What has led to this entrepreneurial boom? First, there has been a sharp increase in downsizing at both large corporations and medium-sized businesses. As you may be aware, many of the larger corporations in the United States, like IBM and General Motors, have been laying off workers in record numbers, and the end is not yet in sight. Nearly one-third of companies surveyed by major outplacement firms say they are considering cutting their work force in 1996 by as much as 30 percent.

As companies are learning to be leaner and meaner, career-minded professionals cannot expect job security the way they could in the past. In today's economy, chances are good that you will probably not stay at one company throughout your professional career. And a growing number of people feel that the best way to prevent an almost inevitable layoff is to take the skills they have and open up shop for themselves.

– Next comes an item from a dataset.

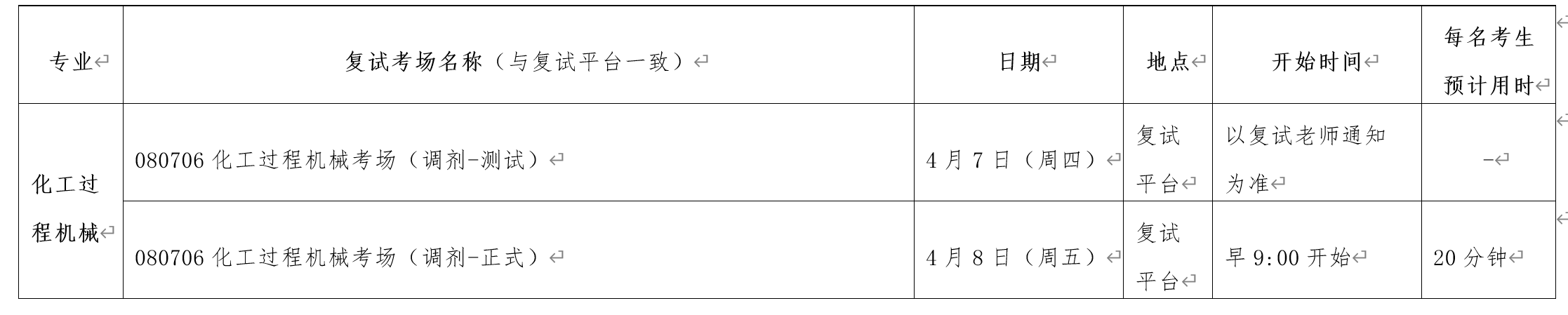 3、复试流程。化工过程机械专业设置1个考场,考生按照复试平台显示的顺序号依次进入考场进行复试,复试三个环节的考核一次性完成。
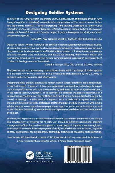 This book focuses on contemporary human factors issues within the design of soldier systems and describes how they are currently being investigated and addressed by the U.S. Army to enhance soldier performance and effectiveness. It appeals to an international multidisciplinary audience including defense contractors, program management offices, human factors engineers, human system integrators, system engineers, and computer scientists. Relevant programs of study include those in human factors, cognitive science, neuroscience, neuroergonomics, psychology, training and education, and engineering.…mehr

Changes in government programs and tax benefits for minority-owned businesses provide still more clues why entrepreneurship is on the rise. And despite affirmative action programs, it is still a statistically proven fact that there is a lack of opportunity for women and minorities within medium- to large-sized companies. Thus, thousands of women and minorities are recognizing that their earning potential is much higher "on their own" than it would be in the corporate world, and that there is no "glass ceiling" to deal with when you are your own boss. In addition, it is now easier for minorities and women to get financing to start new ventures, either through local banks or government programs.

The success rate is good for new minority and women-owned startups. In a report released in December 1995, the U.S. Census Bureau stated that women owned 34.1 percent of all non-farm businesses in 1992, and that woman-owned firms earned an average of $246,000 annually. More than 50 percent of minority-owned firms hit the million-dollar mark in sales in 1993-and nearly half of these businesses were launched at a cost of $25,000 or less.

Other population groups are jumping on the entrepreneurial bandwagon as well. Burgeoning technological advances have opened up new opportunities for the physically challenged. In the past, these people were limited in their professional choices by their physical handicaps. Affordable computers, the Internet, and greater public acceptance of home offices have opened up a wide range of opportunities for those with physical limitations, and many have launched successful ventures as a result. An exceptionally high percentage of the businesses profiled in this book are terrific opportunities for the physically or developmentally challenged to earn an income equal to that of any other working professional.

The concept of the home office continues to rise in popularity. Many entrepreneurs have even been able to start new ventures while still employed at another firm, thus increasing their capital and minimizing their day-to-day financial risk. With an answering machine, a second phone line, a computer, some letterhead, and business cards, many home-based businesses can literally run themselves while you keep your day job, leaving you to fill orders or talk to clients on your off time. A few years ago, this type of business practice would not have been considered acceptable. But now, many new businesses are getting off the ground just this way. And if you do choose to quit your day job and work at home full-time, a fax machine, modem, and Internet access can help keep you connected to the outside world during business hours, too.

All of these cultural changes working together have created an atmosphere of opportunity in the entrepreneurial environment. It's now up to you. Making the decision to be an entrepreneur was the hard part. All you have to do is choose the type of business that meets your financial, emotional, and intellectual requirements, and get going!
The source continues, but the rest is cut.